Spinogenix announced that the European Medicines Agency (EMA) has granted orphan drug designation (ODD) to SPG601 for the treatment of people with Fragile X syndrome (FXS), a condition for which there is currently no approved medicine.
FXS, a known cause of autism, is the leading inherited form of intellectual disability caused by the silencing of the Fmr1 gene. FXS can produce a wide range of disabling symptoms, with many individuals requiring lifelong around-the-clock supportive care.
SPG601 works at the synaptic level, targeting a well-established molecular dysfunction in FXS, addressing core symptoms to improve challenging behaviors and the overall quality of life of those affected. It is a small molecule large-conductance, calcium-activated potassium ("BK") channel activator that works by binding to BK channels and increasing their activation to correct specific synaptic dysfunctions that underlie many core symptoms of FXS.

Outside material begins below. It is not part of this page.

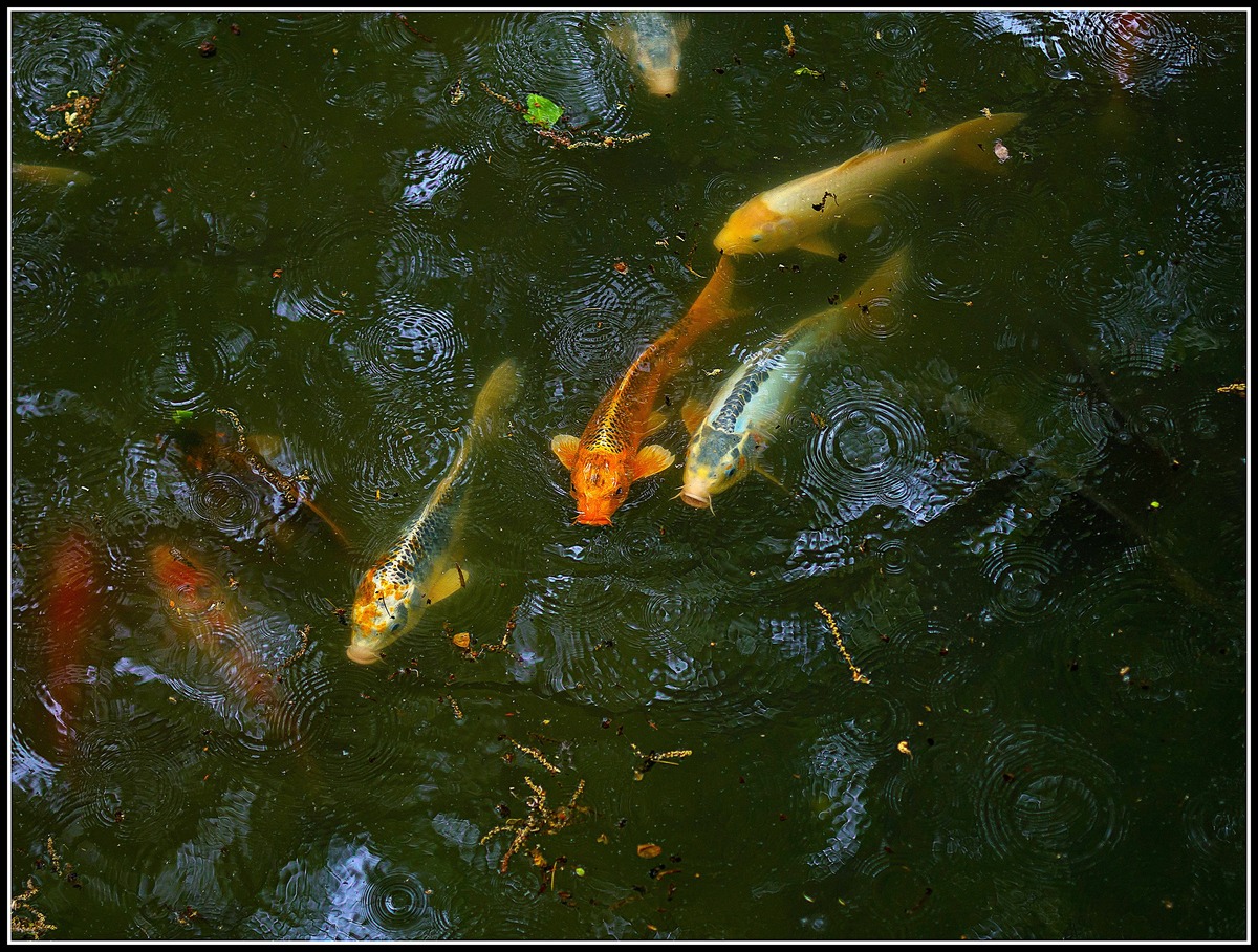 Ah ces carpes koï... un très beau tableau, colorimétrie impeccable et un mouvement induit. Une nature vivante. Une réussite!

"We are grateful to the EMA for recognizing the importance of developing treatments for FXS and supporting the development and path to market for our novel drug, SPG601," said Dr. Stella Sarraf, Spinogenix Chief Executive Officer and Founder. "We want to ensure that every person living with this disabling condition can access treatment. Having already obtained ODD and Fast Track designations from the U.S. FDA, this new grant from the EMA takes us one step forward to achieving our mission to help patients across the globe."
Topline results from a Phase 2 randomized, double-blind, placebo-controlled, crossover study of SPG601 therapy in adult men with FXS were announced earlier this year. The study met its primary goal, significantly reducing high-frequency gamma band activity in the FXS subjects, a key indicator that occurs in FXS patients at the expense of normal brain activity levels that are used for learning and memory.
"Currently, FXS has no approved treatment, making indications like the EMA's ODD crucial for advancing therapies and accelerating development," said Dr. Craig Erickson, Spinogenix Chief Medical Advisor and principal investigator of the recently completed Phase 2 study conducted at Cincinnati Children's Hospital. "SPG601 has the potential to improve the underlying synaptic deficits central to this condition, offering immense hope to the whole patient community."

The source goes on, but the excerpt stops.